Impact of Machine Learning within the Insurance Industry
Within the insurance industry, data plays an indispensable role. Besides, in today’s times, the insurance carriers have access towards the equivalent more than when compared to the older times.
These data are from various sources such as online media activity, social media, the wearable devices, telematics and so forth. However, to process the information gathered and analytical insights machines are required.
What Remains the Challenge?
The insurance providers are having a tough time to enhance the advantages of machine learning.

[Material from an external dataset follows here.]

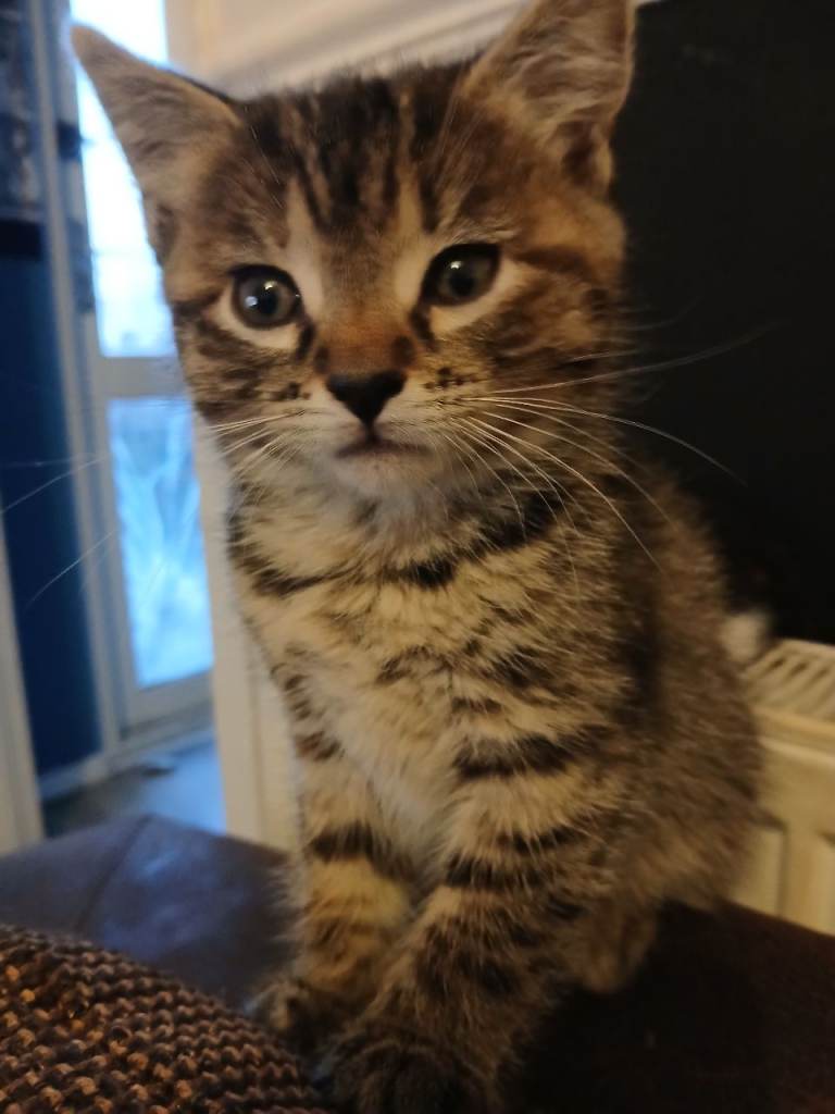 2nd kitten is a tobby kitten she is gorgeous little character but very shy she needs time to come around she is not keen to be around kids so best would be someone without kids .

Although situations have slightly changed because of the increased competitions, complicated claims, hoax behaviour, expectations of customers, strictness in the regulations, etc. are some of the many reasons.
To maintain the competitive spirit, boosting the operations of the business and amplifying customer satisfaction the insurance providers are somehow forced to explore different ways and use machine learning along with predictive modelling for the equivalent.
Simultaneously, it is also important for insurance providers to consider the recent developments in artificial intelligence (AI) and machine learning to resolve any challenges across the value chain of insurance.
Today most of the insurance providers have been trying to integrate technology and develop a digital framework, which is quick and easily accessible at any point of time.
Understanding Machine Learning
In layman terms, machine learning is the potential of a machine to define and understand data to anticipate specific aftermath.
The data is essentially studied to identify the relevant patterns and based on that solve in regards to the observation made.
Now, machine learning can be broadly classified into two types:
- Supervised Learning: In supervised learning, a human interruption is required or if required, a pre-existing dataset could be fed to the system with the intent of anticipating patterns and aftermath.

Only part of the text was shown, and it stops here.